Es geht dabei auch darum, wie im gegebenen Rahmen der Globalisierung
eine gerechte Balance von liberaler Wirtschaftsordnung und
solidarischer Gesellschaftsordnung hergestellt werden kann. Eine
deutsch-französische Vision, die unsere Verantwortung umfasst, die
nicht-westliche Welt auch um unserer gemeinsamen Sicherheit Willen
nicht abzuhängen, könnte richtungsweisend wirken und der Europäischen
Union auch im Rahmen der aktuellen Welthandelsrunde zu einer
dynamischen und modernisierenden Rolle verhelfen.
Das Wesen und der innere Wert der deutsch-französischen
Beziehungen wird davon bestimmt bleiben, wie sehr die gemeinsame Idee
von der Bevölkerung verinnerlicht wird. Der Elysée-Vertrag hat hierzu
ein wichtiges Instrumentarium geschaffen. Über das Erreichte, an dem
das Deutsch-Französische Jugendwerk einen außerordentlich großen
Anteil hat, hinaus sollten jetzt neue, ehrgeizige Ziele gesetzt
werden. Dabei kommt dem Erlernen der Sprache eine zentrale Bedeutung
zu. Französisch, beziehungsweise Deutsch sollte an möglichst allen
Schulen etabliert werden, ein mehrmonatiger Aufenthalt im Partnerland
sollte für die Mehrzahl der Schulabgänger zur Regel werden,
Hochschulen und Forschungseinrichtungen auf breiter Ebene
verschwistert und eine durchgehende Anerkennung von Schul- und
Berufszugangszeugnissen angestrebt werden. Derartige, mit
entsprechendem Nachdruck geförderte Initiativen dürften unmittelbar
auch eine verstärkte Ausrichtung der Medien, wie auch der Wirtschaft
und Industrie auf das Nachbarland und auf die Themen und
Möglichkeiten des Miteinanders bewirken. Die Politik sollte dem
Potenzial der zivilgesellschaftlichen Kooperation noch mehr Raum
geben und Öffnungen schaffen, auch was beispielsweise die bilaterale
Medienpolitik oder die Förderungsmöglichkeiten grenzüberschreitender
Wirtschaftsregionen anbelangt.
Es geht also für Deutschland und Frankreich anlässlich des 40.

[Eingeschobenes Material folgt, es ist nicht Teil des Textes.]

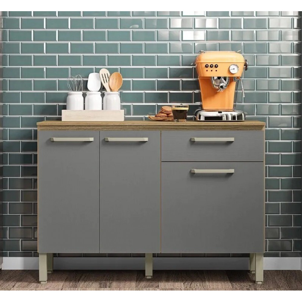 Balcão de Cozinha com Tampo 3 Portas 1 Gav 120cm Paraná Versalhes Freijó Gris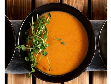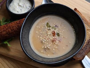 Dutch split pea soup - a rich puree of Ontario pork, split peas, local carrots, celery, and onions, finished with smoked Sikorski sausage and rye croutons.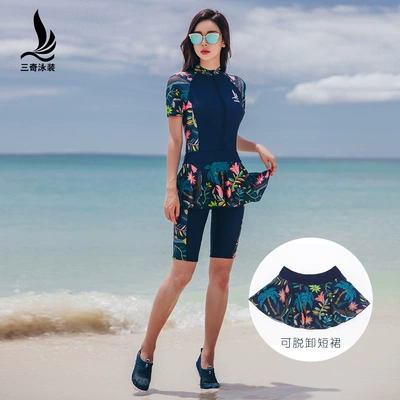 Ba áo tắm kỳ lạ nữ Xiêm váy ngực nhỏ tập hợp bảo thủ bụng mỏng bụng thể thao kích thước lớn boyshort áo tắm mùa xuân nóng - Bộ đồ bơi One Piece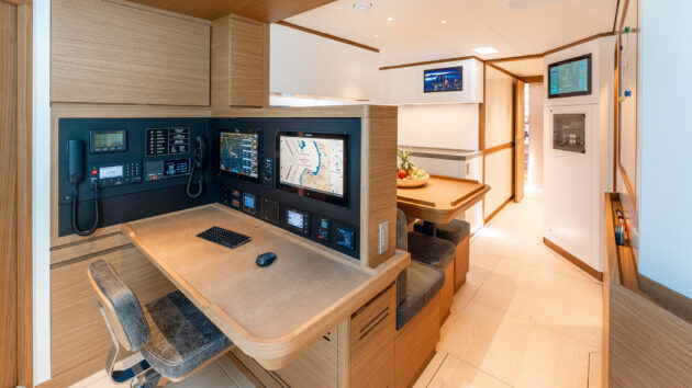 The crew area aft is an ideal layout for up to six crew in three cabins. It includes a large, light galley adjoining a mess, an ensuite captain’s cabin and large navstation at the foot of the direct access companionway.

Jahrestags des Elysée-Vertrags darum, für die gemeinsame Zukunft in
einem modernen Europa eng zusammenzustehen. Dabei müssen die
politischen Schritte und Initiativen von der wirklichen Überzeugung
über die Bedeutung des Miteinanders motiviert sein - und zwar auf der
Ebene der politischen Entscheidungsträger, wie auch der Bürger
Frankreichs und Deutschlands. Adenauer und De Gaulle haben dies in
ihrer gemeinsamen Erklärung zum Elysée-Vertrag 1963 eindrucksvoll
beschrieben. Nach ihren Worten geht es um das "...Bewusstsein, dass
eine enge Solidarität der beiden Völker sowohl hinsichtlich ihrer
Sicherheit als auch hinsichtlich ihrer wirtschaftlichen und
kulturellen Entwicklung miteinander verbindet..." und um die
"...Erkenntnis, dass die Verstärkung der Zusammenarbeit zwischen den
beiden Ländern einen unerlässlichen Schritt auf dem Wege zu dem
vereinigten Europa bedeutet, welches das Ziel beider Völker ist." Der
40. Jahrestag sollte Anlass sein, genau dies neu zu beherzigen.